# replacement trunk lense



## Derrick (Apr 7, 2003)

I have altezzas and was wondering if anyone knew of anyone making a clear trunk lense?Or can anyone suggest how to do it.


----------



## sethwas (Apr 30, 2002)

Hmm,
The only thing I can think of is to remve the paint that is behind it which will be super difficult. A stripper will deform the plastic. Thinner probably isn't strong enough. Then comes sanding which will not leave a clear piece of plastic. Then of course you just spray on chrome or something in the back and then just re-mount.

Seth


----------



## 1CLNB14 (Apr 30, 2002)

It's a DIY thing.
There is not a clear third brake light for sale for the B14 Sentra.


----------



## himilefrontier (Jan 21, 2003)

There are 4 different center lights for B14's.Grey(99 SE-L only), early red(95-97),late red(98-99)and black(used on some lower line 95-97 cars).They are all molded in color,not painted.


----------



## Token Moron (Mar 28, 2003)

himilefrontier said:


> *There are 4 different center lights for B14's.Grey(99 SE-L only), early red(95-97),late red(98-99)and black(used on some lower line 95-97 cars) *


those are center pieces, this guy is talking about the third brake light(right above the center piece)....talk to 1997ga16de(justin) he made his clear, he didnt like it tho, might wanna ask him how me made that piece


----------



## Ninety-Nine SE-L (May 5, 2002)

I don't have that piece anymore, and it looked like crap when I did it.


----------



## 1CLNB14 (Apr 30, 2002)

Mine looks alright, but it will be gone next year.


----------



## Shawn (Sep 18, 2002)

himilefrontier said:


> *There are 4 different center lights for B14's.Grey(99 SE-L only), early red(95-97),late red(98-99)and black(used on some lower line 95-97 cars).They are all molded in color,not painted. *


Interesting, i didn't know that the reds were different. Learn something new every day.


----------



## Ninety-Nine SE-L (May 5, 2002)

the late red is the same color, the only difference is that they have a slightly different shape in the middle and the reverse signals are bigger.


----------



## Shawn (Sep 18, 2002)

Oh, i noticed the reverse lights being bigger (i like mine better) although i never noticed the different shape in the middle


----------



## Exalta (Jan 21, 2003)

1CLNB14 said:


> *It's a DIY thing.
> There is not a clear third brake light for sale for the B14 Sentra. *


My Nissan Exalta STA(Sentra b14 to you)came with stock as in clear OEM LED third brake light


----------



## 1CLNB14 (Apr 30, 2002)

Exalta said:


> *My Nissan Exalta STA(Sentra b14 to you)came with stock as in clear OEM LED third brake light *


any pics?

Is it the same shape as the B14 Sentra lense?


----------



## Ninety-Nine SE-L (May 5, 2002)

I want to see this too. Please post pix


----------



## xt_out (Jun 23, 2003)

sean, you shaving yours? im surprised you haven't yet, with the show car look, that sucker just doesn't need to be there!!! im definately shaving mine. the spoiler im gettin has led brake light. no need for 4 brake lights  it can't be too hard, how come i never see pics of shaved third brake lights?


----------



## Exalta (Jan 21, 2003)

> any pics?
> 
> Is it the same shape as the B14 Sentra lense?

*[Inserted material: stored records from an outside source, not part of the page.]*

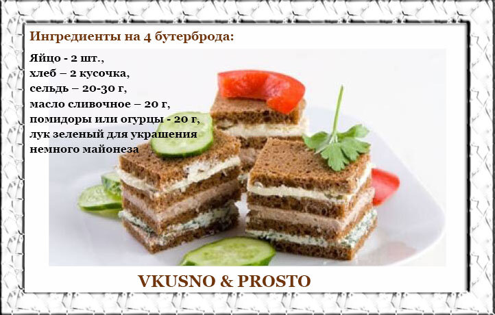 Полосатый, розовый и белый бутерброды.. Вкуснятина!!! Эти бутерброды легко можно сделать и на праздник, и на обычный семейный завтрак. Они красивые, вкусные - и - небанальные. 1. Полосатый бутерброд Приготовление: Ржаной хлеб намазать маслом, разделить его пополам или разрезать треугольничками. Получится 4 хлеба на 4 порции. Хлеб намазать маслом, филе сельди нарезать длинными полосками или мелко. Белок и желток режут по отдельности. Помидор или огурец шинкуются мелко вместе с луком. Укладывать так: на хлеб с маслом селёдку, дальше желток, слой майонеза, на него помидоры и сверху белок, ещё немного майонеза и мелко порезанный зелёный лук. Можно такие бутерброды сделать многоярусными. Они будут очень интересно смотреться на тарелочке. Украсят любой стол! 2. Белый бутерброд с брынзой и орехами Приготовление: Хлеб нарезать на 10 кусочков. Масло сливочное взбить венчиком. Брынзу натереть на тёрке и добавить к взбитому маслу. Размешать полученную смесь и намазать на хлеб. Ядра орехов мелко
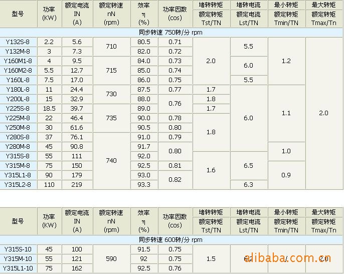 Y系列電動機,額定電壓為380V,額定功率為50HZ,3KW及以下為“Y"接法,4KW及以上為“△”接法。
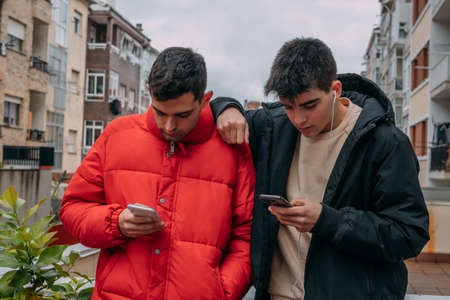Group of young people taking selfie with smartphone. Father and sons enjoying holidays before start school. Trendy family sharing media with remote friends. Happiness, technology, togetherness concept

I have pics of my ride in my sig.You can see it in the rear shots. Well,i have a different body b14 than yours.Instead of having the third brake light in the trunk, i have mine in the rear deck stock.


----------



## himilefrontier (Jan 21, 2003)

the link don't work


----------



## Exalta (Jan 21, 2003)

sorry about that. I didnt know that link didn't work.Thanks for bringing it up.


----------



## superfro86 (May 15, 2002)

u say the late model red lense is the same color as the tails? would it match testors candy apple red or any other similar paint that would be good for painting tails. I still want to do my red painted altezzas thing but i never got around to actually buying some.


----------



## 1CLNB14 (Apr 30, 2002)

xt_out said:


> *sean, you shaving yours? im surprised you haven't yet, with the show car look, that sucker just doesn't need to be there!!! im definately shaving mine. the spoiler im gettin has led brake light. no need for 4 brake lights  it can't be too hard, how come i never see pics of shaved third brake lights? *


Oh, it will be shaved in the future.


----------



## Ninety-Nine SE-L (May 5, 2002)

I have to shave mine BAD. I HATE IT!!! I HATE IT!!! I HATE IT!!! I HATE IT!!! I HATE IT!!! I HATE IT!!! I HATE IT!!! I HATE IT!!! I HATE IT!!! I HATE IT!!! I HATE IT!!! I HATE IT!!! I HATE IT!!! I HATE IT!!! I HATE IT!!! I HATE IT!!! I HATE IT!!! I HATE IT!!! I HATE IT!!! I HATE IT!!! I HATE IT!!! I HATE IT!!! I HATE IT!!!


----------



## xt_out (Jun 23, 2003)

^ he hates it!!!
umm yeah, i can't wait till scorchin finishes my rear finish panel. i've been drivin around with a garbage bag taped to the back. yuck  he can definately take his time though, i know it will be high quality, just like the rest of his work. im just lookin forward to be big pimpin once its on though  lol.


----------



## Ninety-Nine SE-L (May 5, 2002)

so ur the other guy? ScorchN mentioned he was making one for someone else. I hope this doesn't become a habit. I want it to be a rare piece


----------



## 1CLNB14 (Apr 30, 2002)

I doubt that enough people are willing to pay, and do the fabrication it takes to make it work, to make it a common item.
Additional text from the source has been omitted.